313. NEUROSCIENCES
Comment les circuits cérébraux stimulent le comportement imitatif : Le Miroir des esprits
Résumé : Des chercheurs ont découvert comment les circuits neuronaux du cerveau régulent le comportement imitatif, un élément clé de l'interaction sociale. À l'aide d'une technique de stimulation cérébrale non invasive, l'étude montre comment des circuits moteurs spécifiques renforcent ou inhibent l'imitation, mettant en lumière des applications cliniques potentielles.
Ces recherches pourraient déboucher sur des thérapies visant à améliorer les performances cognitives et à gérer les dysfonctionnements sociaux. En manipulant la plasticité cérébrale, les scientifiques visent à mieux comprendre et contrôler les comportements d’imitation automatique.
Faits marquants :
1. Importance de l'imitation : Le comportement imitateur est essentiel aux interactions sociales et influence la dynamique de groupe. Il peut avoir des effets positifs et négatifs sur le comportement social.
2. Circuits neuronaux : Différents circuits du système moteur du cerveau jouent des rôles distincts dans l'imitation, certains améliorant le mimétisme automatique et d'autres exerçant un contrôle cognitif pour inhiber l'imitation inappropriée.

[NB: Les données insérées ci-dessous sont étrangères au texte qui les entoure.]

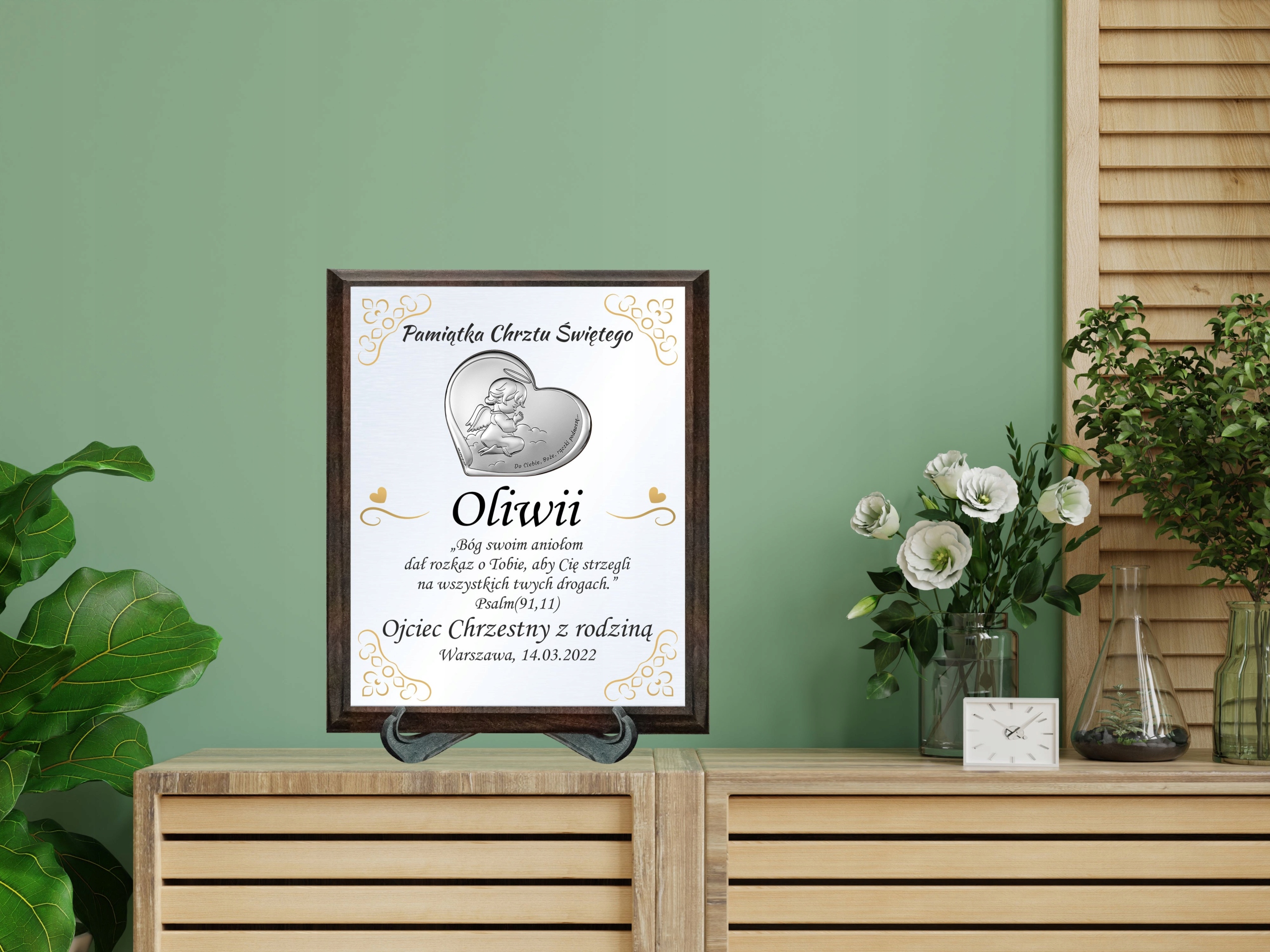 Сохраните особые моменты навсегда с нашим элегантным деревянным панно, которое станет прекрасным сувениром о Святом Крещении! Это тщательно изготовленное панно сочетает в себе дерево, индивидуальное посвящение и красивое серебряное изображение ангела, присматривающего за младенцем. Современный и стильный сувенир ко Святому Крещению, а также прекрасный подарок в качестве украшения детской комнаты.
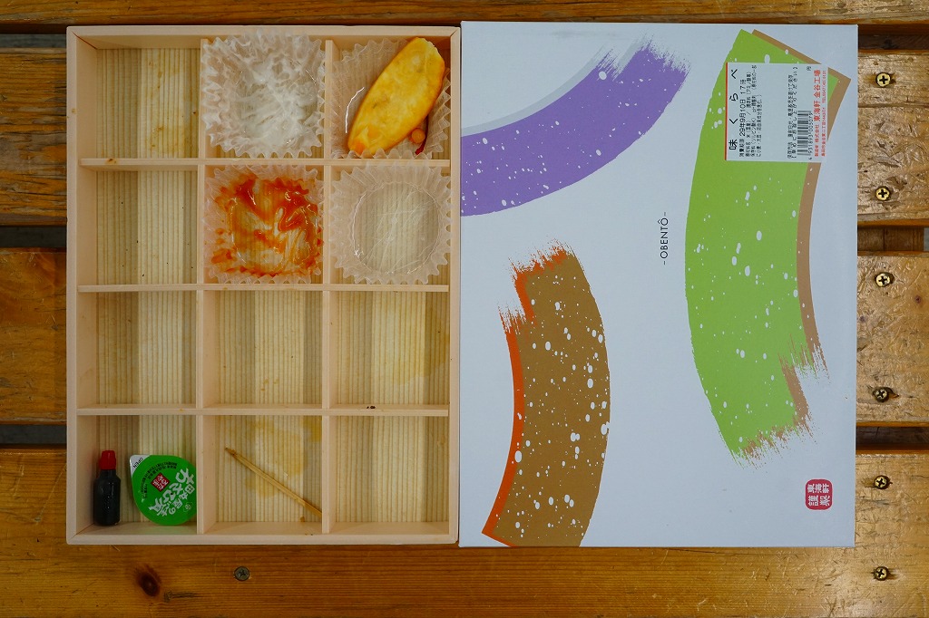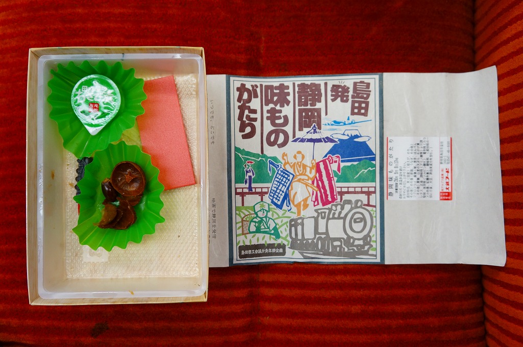 中身はサクラエビを混ぜた御飯の「富士山むすび」、ウナギ蒲焼を刻んで巻いた巻き寿司「うなぎロール」、マグロのメンチカツ、山里の天ぷら、タケノコやサトイモなどの煮物、わさび漬カップ、缶詰みかんなど。宣伝文や解説でうまく見せれば、おしゃれな駅弁になる気がした。2013年までの販売か。

3. Technique avancée : L'étude a utilisé la stimulation associative appariée cortico-corticale (ccPAS) pour manipuler la connectivité cérébrale, mettant en évidence le rôle de la zone prémotrice ventrale, de la zone motrice supplémentaire et du cortex moteur primaire.
Source : Université de Bologne
Une équipe internationale de chercheurs, dirigée par des scientifiques de l’Université de Bologne, a étudié les mécanismes neuronaux qui sous-tendent le comportement imitatif : un phénomène qui facilite l’interaction et la cohésion sociale et permet aux individus d’interagir spontanément avec les autres.
L’étude, publiée dans Proceedings of the National Academy of Sciences (PNAS) , a permis de découvrir de nouvelles perspectives sur la façon dont le cerveau régule ce comportement, ouvrant ainsi de nouvelles perspectives d’applications cliniques et thérapeutiques.
« Nos résultats ouvrent de nouvelles voies pour comprendre comment la plasticité cérébrale peut être manipulée pour augmenter ou diminuer le comportement d'imitation et rendre les gens moins sensibles aux interférences lors de l'exécution d'une tâche », explique Alessio Avenanti, professeur au département de psychologie « Renzo Canestrari » de l'université de Bologne, qui a coordonné l'étude.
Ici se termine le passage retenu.